1 Resources configured.
============
Node: gtt5.linux.com (7d892d6c-d277-45c2-beb6-331fca5b3920): online
Node: gtt4.linux.com (87dc2dcc-791b-4bfb-a971-b30fbd909255): online
Resource Group: group_1
open-iscsi_1 (lsb:open-iscsi): Started gtt5.linux.com
MailTo_2 (heartbeat::ocf:MailTo): Started gtt5.linux.com
IPaddr_192_168_2_20 (heartbeat::ocf:IPaddr): Started gtt5.linux.com
drbddisk_4 (heartbeat:drbddisk): Started gtt5.linux.com
LVM_5 (heartbeat::ocf:LVM): Started gtt5.linux.com
Filesystem_6 (heartbeat::ocf:Filesystem): Started gtt5.linux.com
MakeMounts_7 (heartbeat:MakeMounts): Started gtt5.linux.com
*Filesystem_8 (heartbeat::ocf:Filesystem): Stopped*
*nfs_9 (lsb:nfs): Stopped*
*smb_10 (lsb:smb): Stopped*
*acpid_11 (lsb:acpid): Stopped*
*openfiler_12 (lsb:openfiler): Stopped*
F*ailed actions:*
*Filesystem_8_start_0 (node=gtt5.linux.com, call=32, rc=1): Error*
*IPaddr_192_168_2_20_start_0 (node=gtt4.linux.com, call=56, rc=1): Error*
*2)This is drbd status what i have created. *
*[r...@gtt5 ~]# service drbd status*
drbd driver loaded OK; device status:
version: 8.2.7 (api:88/proto:86-88)
GIT-hash: 61b7f4c2fc34fe3d2acf7be6bcc1fc2684708a7d build by p...@fat-tyre,
2008-11-12 16:47:11
m:res cs st ds p mounted fstype
0:cluster_metadata Connected Primary/Secondary UpToDate/UpToDate C
/cluster_metadata ext3
1:vg0_drbd Connected Primary/Secondary Diskless/UpToDate C
[r...@gtt5 ~]#
1.
*If i see the mount list here there is no any lvm mount poing it has only
mounted /cluster_metadata.*
*[r...@gtt5 ~]# mount*
/dev/sda5 on / type ext3 (rw)
/proc on /proc type proc (rw)
/sys on /sys type sysfs (rw)
devpts on /dev/pts type devpts (rw,gid=5,mode=620)

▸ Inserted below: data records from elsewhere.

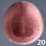 frs3 (fibroblast growth factor receptor substrate 3) gene expression in Xenopus laevis embryo, assayed via in situ hybridization, NF stage 20, anterior view, dorsal up.
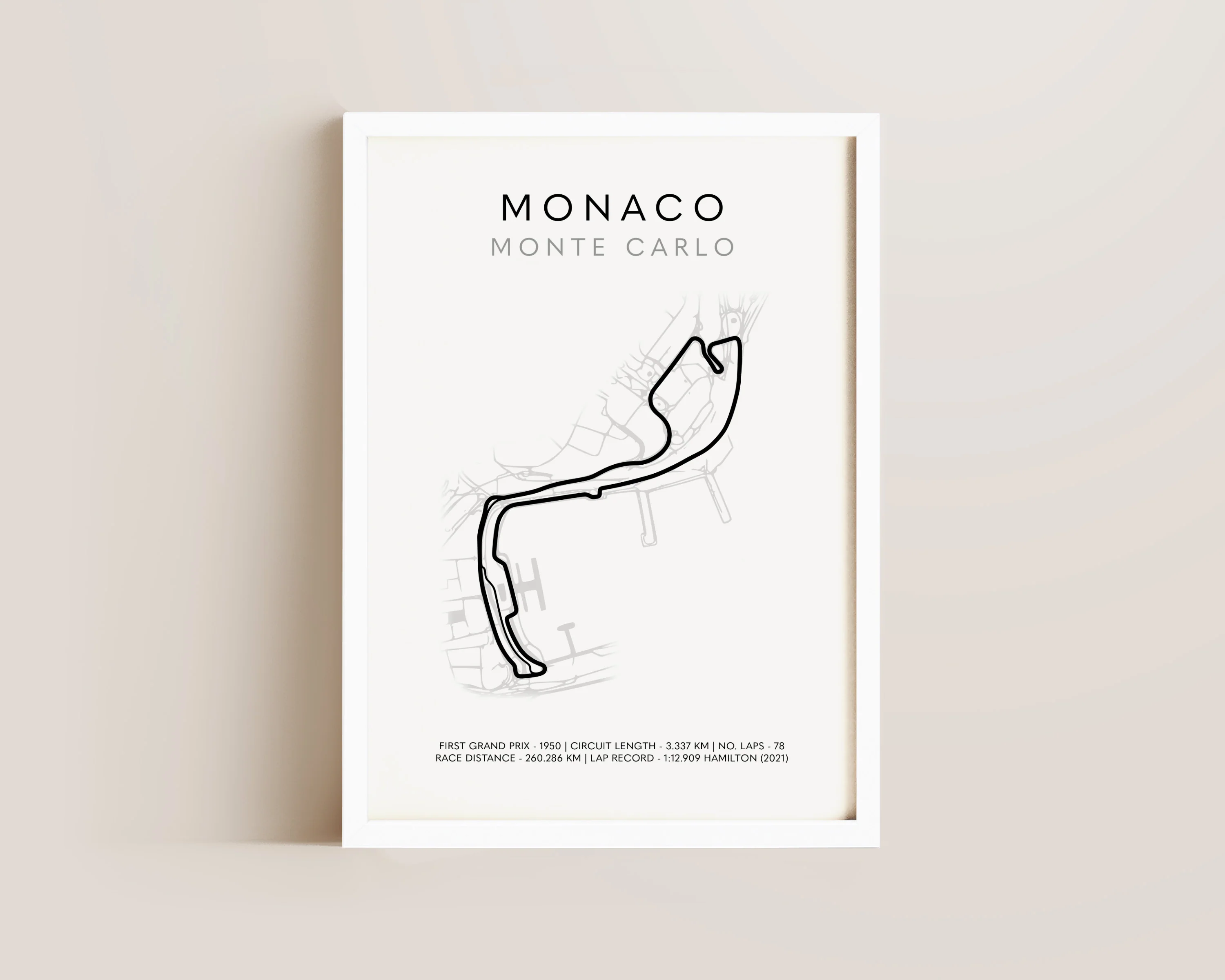 A F1 print featuring Monaco Monte Carlo grand prix track outline, with lap record and other statistics. Printed on archival matte 240gsm paper. Available in multiple sizes, with framed or unframed options. Exclusively designed by one of our artists at our studio.
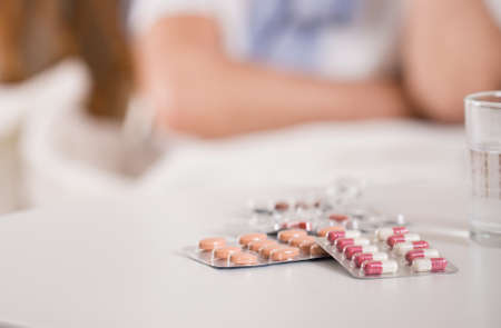 Difficult decision- dangerous pills on bed and young woman
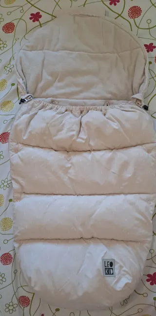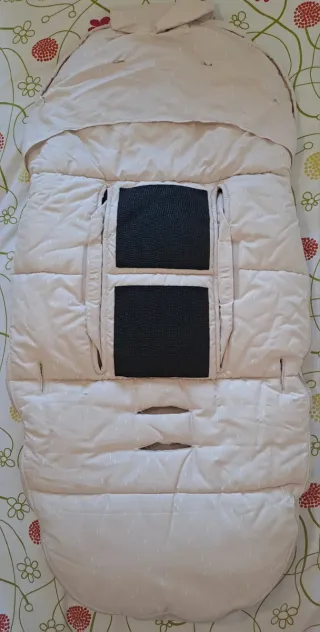 IMPORTANTE: el precio es porque tiene defectos: - Unas pequeñas manchas que no se quitan en la parte delantera (salen en foto). - En la parte de atras 4 agujeros que le hice para sujetarlo a la silla bugaboo bee, (salen en foto) Color Beige con motas blancas. Diseñado para bebés desde el nacimiento hasta los 2-3 años. Mantiene el calor y protege del viento, la lluvia y la nieve. Cuenta con una cobertura de protección repelente al agua anti-suciedad en el interior del área de los pies, por lo que no tendrás que preocuparte de que los zapatos sucios toquen el forro. (Manoplas a juego por 15€ nuevas)
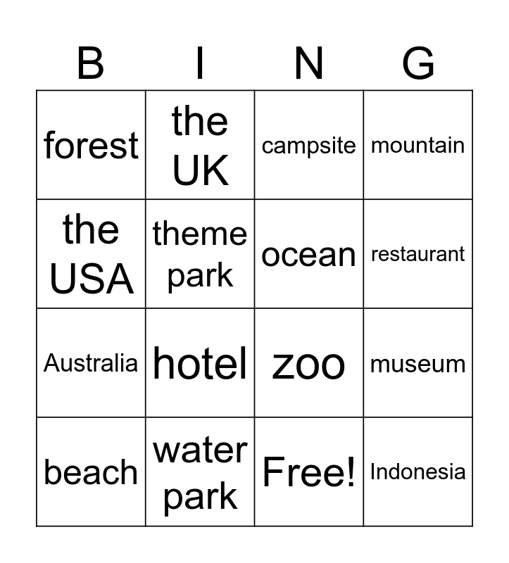 This bingo card has 17 words: Free!, beach, campsite, forest, hotel, mountain, museum, ocean, restaurant, theme park, water park, zoo, the USA, the UK, Australia, China and Indonesia.

/dev/sda7 on /boot type ext3 (rw)
tmpfs on /dev/shm type tmpfs (rw)
none on /proc/sys/fs/binfmt_misc type binfmt_misc (rw)
sunrpc on /var/lib/nfs/rpc_pipefs type rpc_pipefs (rw)
*/dev/drbd0 on /cluster_metadata type ext3 (rw,noatime)*
[r...@gtt5 ~]#
*4) This is my cib.xml configuration file*
<cib generated="true" admin_epoch="0" epoch="1" num_updates="1"
have_quorum="true" ignore_dtd="false" num_peers="2" ccm_transition="2"
cib_feature_revision="2.0" dc_uuid="7d892d6c-d277-45c2-beb6-331fca5b3920"
cib-last-written="Sat Aug 22 11:56:53 2009">
<configuration>
<crm_config>
<cluster_property_set id="cib-bootstrap-options">
<attributes>
<nvpair id="cib-bootstrap-options-dc-version" name="dc-version"
value="2.1.3-node: 4a3eac571f442c7cfcefc18fcaad35314460c1f6"/>
<nvpair id="cib-bootstrap-options-symmetric-cluster"
name="symmetric-cluster" value="true"/>
<nvpair id="cib-bootstrap-options-no-quorum-policy"
name="no-quorum-policy" value="stop"/>
<nvpair id="cib-bootstrap-options-default-resource-stickiness"
name="default-resource-stickiness" value="0"/>
<nvpair
id="cib-bootstrap-options-default-resource-failure-stickiness"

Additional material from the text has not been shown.